Sports betting ready in Mississippi

Last week, the Mississippi House Gaming Committee revealed that it is drafting a bill to legalize mobile betting outside of the state’s casinos.

The legislation seeks to allow online operators to apply for licenses to run mobile sportsbooks in the jurisdiction through partnerships with brick-and-mortar casinos. This means that the 26 licensed venues across the state can team up with third-party businesses to launch online sports wagering platforms and betting apps if the bill is approved by the Mississippi legislature.

In his comments about the proposed bill, the Committee Chair, Representative Casey Eure, said that making it mandatory for online operators to align with physical casinos was necessary to protect the state’s land-based gaming facilities. The tethering framework is also used in New Jersey, Indiana, Pennsylvania, and Iowa.

“When we pass mobile sports betting, we’ll do it the right way. I want to make sure we can protect our brick and mortar. If they want to team up with DraftKings and FanDuel, that’s fine,” said Eure.

“My plans are to pass something out of my committee. If the House and Senate pass a mobile sports betting app bill and Gov. Tate Reeves signs it, the Mississippi Gaming Commission can then include online wagering in its regulations.”

The Committee is working on having a ready bill by the start of the next legislative session, which commences on January 1.

Will the MGHA support the measure?

Rep. Eure’s proposed legislation is not Mississippi’s first attempt at legalizing statewide mobile sports gambling. The state, which authorized physical sportsbooks in 2018, has seen several efforts seeking to expand the market but none have come to fruition.

In January this year, for example, three online betting bills introduced in the state legislature did not make it past committee stage.


Part of the reason why Mississippi has failed to legislate mobile sportsbooks is opposition from the state’s licensed casino operators, who are concerned that legalizing online wagering might have a negative impact on their businesses.
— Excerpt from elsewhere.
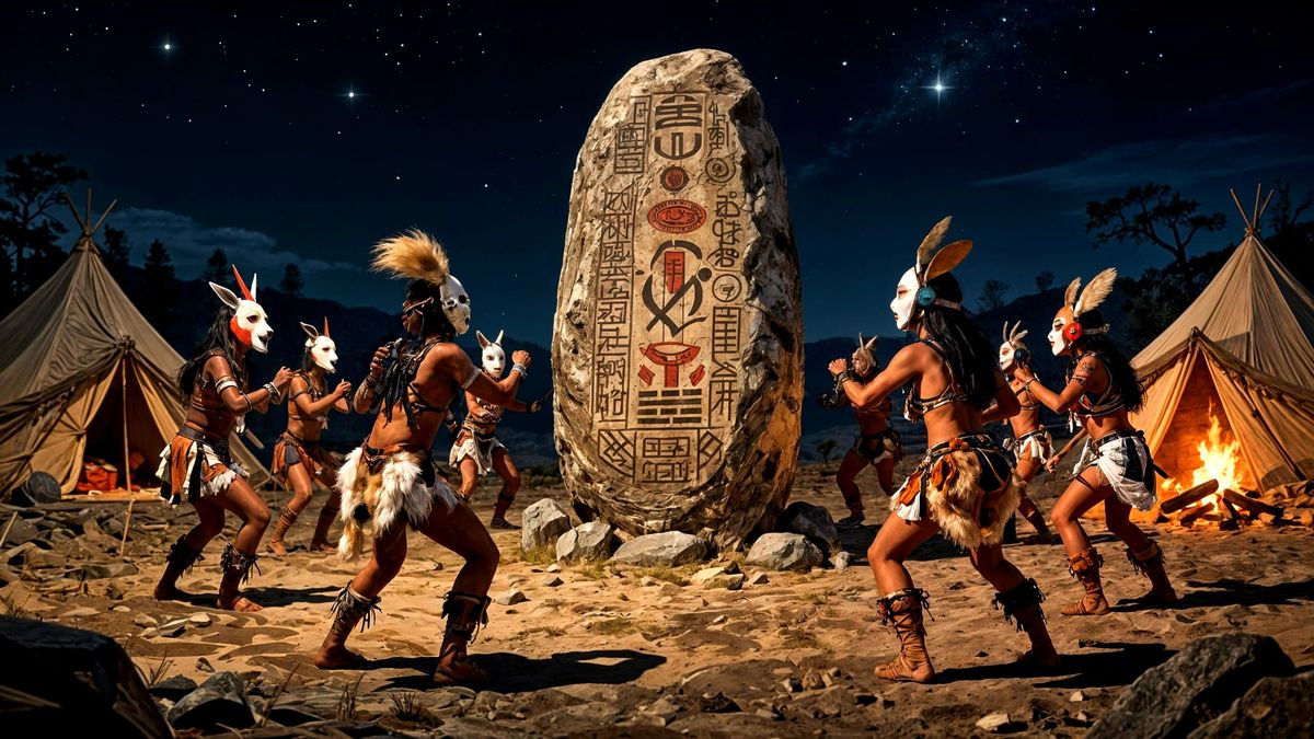This image shows primitive humans in shamanic masks performing a synchronized ritual dance around a petroglyph-covered stone under a starry sky, in a dark fantasy concept art style.

This time, however, Rep. Eure’s committee is keen on getting the casinos on board and convincing them to support the measure. The lawmaker has revealed that he is in talks with Mississippi Gaming and Hospitality Association (MGHA) Executive Director Larry Gregory for consultation on the language of the bill.

Time to pick up the pace

Despite being among the first precincts to allow regulated sportsbooks after the repeal of the 1992 PASPA law by the US Supreme Court in May 2018, the Magnolia State continues to lose out on millions in tax dollars every year due to its hesitation to allow mobile betting outside of licensed casinos.
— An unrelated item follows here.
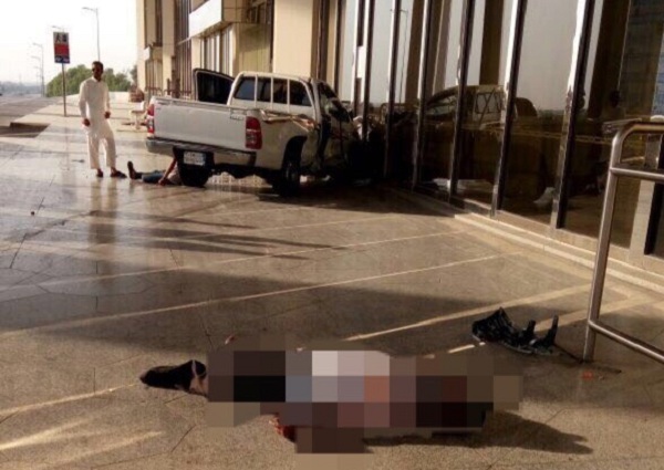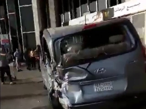 وتلقى مركز عمليات التشغيل بالمطار بلاغاً في الساعة 07:03 صباحاً يوم السبت يفيد بوقوع حادث تصادم بين سيارتين بطريق الخدمة، أمام البوابة D5 بطابق المغادرة، وتم إبلاغ جميع الجهات ذات العلاقة، وبالتوجه للموقع، وبعد المعاينة، لوحظ أن الحادث وقع بين سيارة متوقفة، من نوع ”هونداي“ أمام البوابة D5، وسيارة أخرى من نوع ”تويوتا هايلكس“ اصطدمت بها بقوة، قبل أن تنحرف إلى المنطقة الفاصلة بين البوابتين D6_D7.

Online wagering has proved to be the lifeblood of the regulated US sports betting industry, and any state keen on having its finger in the pie must embrace the market. In New Jersey and Pennsylvania, for example, more than 90% of the sports betting handle comes from mobile bettors.

Lack of mobile sportsbook options could also encourage sports fans in Mississippi to cross the border to place online bets in neighboring states where the market is legal. Tennessee, which borders MS to the north, rolled out internet wagering in November last year. Louisiana is also set to launch mobile betting by January 2022.